■ Task directions ■
Output all of the lines below exactly, and leave out each image.

■ Data block ■
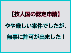 【認定申請】やや厳しい案件でしたが、許可が出ました!新着!!
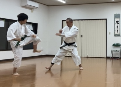 今日は、基本単独演武を左右ゆっくりとやった後、天地拳第一系の相対からのスタート。
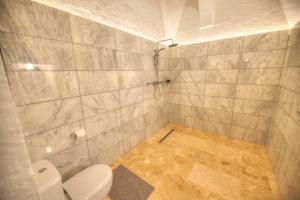 This two-bedroom apartment features a kitchen equipped with a microwave and toaster alongside a seating area furnished with a sofa and table. Entertainment includes a flat-screen television, while the two bathrooms each contain showers and hairdryers. The flooring consists of tile or marble surfaces, complemented by heating for added comfort.
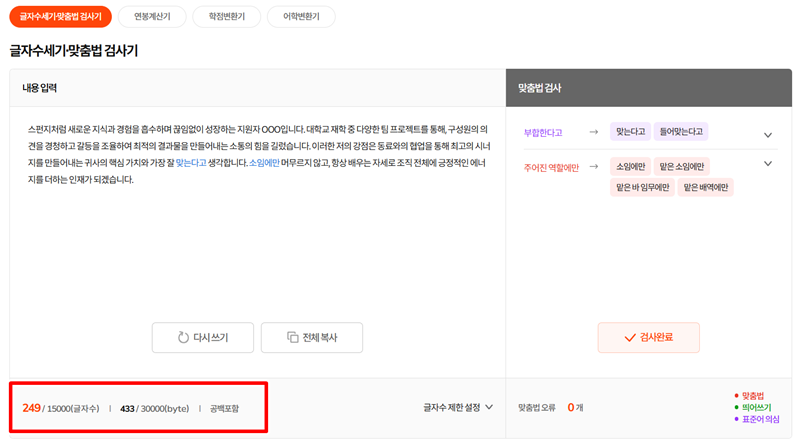 6. 수정이 완료되면, 틀린 맞춤법 개수가 '0개'로 바뀐 것을 확인할 수 있습니다. 동시에 왼쪽 아래에서는 수정된 글의 전체 글자 수를 바로 알 수 있어, 글자 수 제한이 있는 서류를 작성할 때도 매우 유용합니다.

■ Output for this exercise ■
 【認定申請】やや厳しい案件でしたが、許可が出ました!新着!!
 今日は、基本単独演武を左右ゆっくりとやった後、天地拳第一系の相対からのスタート。
 This two-bedroom apartment features a kitchen equipped with a microwave and toaster alongside a seating area furnished with a sofa and table. Entertainment includes a flat-screen television, while the two bathrooms each contain showers and hairdryers. The flooring consists of tile or marble surfaces, complemented by heating for added comfort.
 6. 수정이 완료되면, 틀린 맞춤법 개수가 '0개'로 바뀐 것을 확인할 수 있습니다. 동시에 왼쪽 아래에서는 수정된 글의 전체 글자 수를 바로 알 수 있어, 글자 수 제한이 있는 서류를 작성할 때도 매우 유용합니다.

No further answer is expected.